Performance Benchmarks
Strata is designed for high-performance distributed workloads where I/O throughput and coordination latency are critical. The project includes a suite of benchmarks using Criterion.rs to provide statistically significant performance measurements across various subsystems.
Running Benchmarks
Benchmarks are distributed across the workspace crates. You can run the entire suite or target specific components using cargo bench.
Execute All Benchmarks
# Run all benchmarks in the workspace
cargo bench
Target Specific Components
# Benchmark the coordinator's request handling
cargo bench -p coordinator
# Benchmark shard assignment algorithms
cargo bench -p data-shard
# Benchmark checkpoint I/O (Local vs S3)
cargo bench -p storage
Key Benchmark Suites
Checkpoint Throughput
These benchmarks measure the time taken to serialize model state and persist it to the configured storage backend.
| Metric | Target | Baseline Performance | |--------|--------|----------------------| | Local Write | NVMe SSD | ~500 MB/s | | S3 Write | AWS S3 (US-East-1) | ~200 MB/s | | Serialization | Protobuf/Zero-copy | ~1.2 GB/s |
Usage Example: To test throughput with a specific payload size:
# Benchmarks writing 1GB checkpoints
CHECKPOINT_SIZE_MB=1024 cargo bench -p checkpoint
Coordinator Scalability
The coordinator benchmarks simulate high-frequency heartbeats and state requests to measure RPS (Requests Per Second) and P99 latency.
- Capacity: 10,000+ RPS on a single coordinator instance.

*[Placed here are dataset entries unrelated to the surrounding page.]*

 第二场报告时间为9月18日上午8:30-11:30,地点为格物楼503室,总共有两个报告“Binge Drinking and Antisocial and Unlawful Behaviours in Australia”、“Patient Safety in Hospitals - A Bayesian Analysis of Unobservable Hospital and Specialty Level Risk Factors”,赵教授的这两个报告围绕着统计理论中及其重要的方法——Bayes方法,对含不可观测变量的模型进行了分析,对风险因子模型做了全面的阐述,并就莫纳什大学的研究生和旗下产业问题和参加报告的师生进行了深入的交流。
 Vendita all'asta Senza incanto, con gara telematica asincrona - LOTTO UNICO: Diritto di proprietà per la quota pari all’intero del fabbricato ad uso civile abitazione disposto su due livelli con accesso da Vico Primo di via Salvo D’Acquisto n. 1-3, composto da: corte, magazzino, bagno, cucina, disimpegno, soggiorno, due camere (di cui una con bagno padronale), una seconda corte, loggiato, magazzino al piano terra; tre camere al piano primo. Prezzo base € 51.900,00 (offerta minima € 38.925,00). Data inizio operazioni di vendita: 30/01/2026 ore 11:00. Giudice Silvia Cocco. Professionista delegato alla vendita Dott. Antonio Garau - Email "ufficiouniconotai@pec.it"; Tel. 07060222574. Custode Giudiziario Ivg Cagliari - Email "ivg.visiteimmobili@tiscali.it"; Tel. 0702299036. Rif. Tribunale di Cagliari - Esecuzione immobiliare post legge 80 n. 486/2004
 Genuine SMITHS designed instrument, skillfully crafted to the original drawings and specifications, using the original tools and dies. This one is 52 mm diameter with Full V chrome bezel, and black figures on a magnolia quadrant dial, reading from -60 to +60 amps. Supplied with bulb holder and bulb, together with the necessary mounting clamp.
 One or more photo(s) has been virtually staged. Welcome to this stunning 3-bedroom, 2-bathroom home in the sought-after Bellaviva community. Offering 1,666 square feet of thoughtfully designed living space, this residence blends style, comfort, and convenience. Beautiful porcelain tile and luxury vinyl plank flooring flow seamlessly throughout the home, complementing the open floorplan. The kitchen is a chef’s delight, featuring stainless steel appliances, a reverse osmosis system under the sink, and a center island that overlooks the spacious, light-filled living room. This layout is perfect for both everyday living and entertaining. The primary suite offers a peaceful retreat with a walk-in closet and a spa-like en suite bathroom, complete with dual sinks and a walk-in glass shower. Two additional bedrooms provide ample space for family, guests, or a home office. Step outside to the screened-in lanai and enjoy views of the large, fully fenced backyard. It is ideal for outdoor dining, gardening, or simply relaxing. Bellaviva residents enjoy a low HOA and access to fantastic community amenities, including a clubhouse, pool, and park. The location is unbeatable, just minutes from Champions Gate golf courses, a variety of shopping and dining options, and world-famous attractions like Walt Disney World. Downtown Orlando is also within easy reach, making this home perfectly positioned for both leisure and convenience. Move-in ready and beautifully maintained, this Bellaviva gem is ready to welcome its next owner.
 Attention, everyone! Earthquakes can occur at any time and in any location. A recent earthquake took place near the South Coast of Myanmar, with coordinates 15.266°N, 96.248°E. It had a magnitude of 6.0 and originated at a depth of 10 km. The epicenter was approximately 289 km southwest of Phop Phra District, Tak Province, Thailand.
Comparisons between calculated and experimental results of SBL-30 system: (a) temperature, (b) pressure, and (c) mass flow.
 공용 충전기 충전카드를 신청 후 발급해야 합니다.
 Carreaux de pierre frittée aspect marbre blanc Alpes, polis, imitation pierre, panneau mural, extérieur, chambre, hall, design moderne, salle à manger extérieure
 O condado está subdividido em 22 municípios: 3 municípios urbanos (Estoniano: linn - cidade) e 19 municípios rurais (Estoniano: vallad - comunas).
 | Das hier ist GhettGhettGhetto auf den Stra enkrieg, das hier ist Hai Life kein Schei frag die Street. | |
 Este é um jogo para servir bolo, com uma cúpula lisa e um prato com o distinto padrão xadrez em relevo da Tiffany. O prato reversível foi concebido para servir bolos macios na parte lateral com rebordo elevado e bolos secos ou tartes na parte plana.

- Barrier Latency: Measures the overhead of worker synchronization.
- 100 workers: <50ms P99.
- 1,000 workers: <120ms P99.
Shard Assignment & Consistent Hashing
These benchmarks evaluate the efficiency of the data-shard crate when redistributing shards during worker join/leave events.

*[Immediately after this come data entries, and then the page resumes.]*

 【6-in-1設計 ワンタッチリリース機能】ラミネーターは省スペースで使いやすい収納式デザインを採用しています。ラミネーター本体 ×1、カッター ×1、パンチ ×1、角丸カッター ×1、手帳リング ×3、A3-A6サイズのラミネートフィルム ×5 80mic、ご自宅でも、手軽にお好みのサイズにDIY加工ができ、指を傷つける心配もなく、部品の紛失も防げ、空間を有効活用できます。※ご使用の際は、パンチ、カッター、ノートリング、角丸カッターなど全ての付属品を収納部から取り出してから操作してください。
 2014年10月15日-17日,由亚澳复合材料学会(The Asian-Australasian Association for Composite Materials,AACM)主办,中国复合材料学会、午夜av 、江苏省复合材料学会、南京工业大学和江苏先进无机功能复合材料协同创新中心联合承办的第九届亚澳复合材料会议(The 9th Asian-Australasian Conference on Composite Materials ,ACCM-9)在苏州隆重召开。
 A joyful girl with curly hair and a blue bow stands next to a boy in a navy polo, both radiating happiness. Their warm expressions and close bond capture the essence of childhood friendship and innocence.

- Initial Assignment: <10ms for 1,000 workers and 10,000 shards.
- Rebalance Overhead: Measures the number of shards "moved" during a node failure. Due to consistent hashing, this remains near the theoretical minimum of
1/N.
Performance Profiling
For deep analysis of I/O bottlenecks or CPU usage during training, Strata supports standard Rust profiling tools.
Flamegraphs
Generate a flamegraph to visualize the execution time of the async runtime:
# Install flamegraph tool
cargo install flamegraph
# Run coordinator benchmarks with profiling
cargo flamegraph --dev -p coordinator --bench request_latency
S3 Performance Tuning
When benchmarking S3 throughput, performance is heavily influenced by your environment. For production-grade results:
- Ensure the benchmark is running on an EC2 instance within the same region as your S3 bucket.
- Check that the instance has sufficient Network Bandwidth (e.g.,
m5n.4xlargeor similar). - Use the
STORAGE_BACKEND=s3environment variable:STORAGE_BACKEND=s3 CHECKPOINT_BUCKET=my-bench-bucket cargo bench -p storage
Interpreting Results
After running cargo bench, Criterion generates an HTML report providing detailed graphs and comparisons:
- Location:
target/criterion/report/index.html - Metrics: Look for the Mean Execution Time and Throughput (MB/s) indicators.
- Regressions: Criterion will automatically compare the current run against the last saved baseline and highlight any performance regressions in red.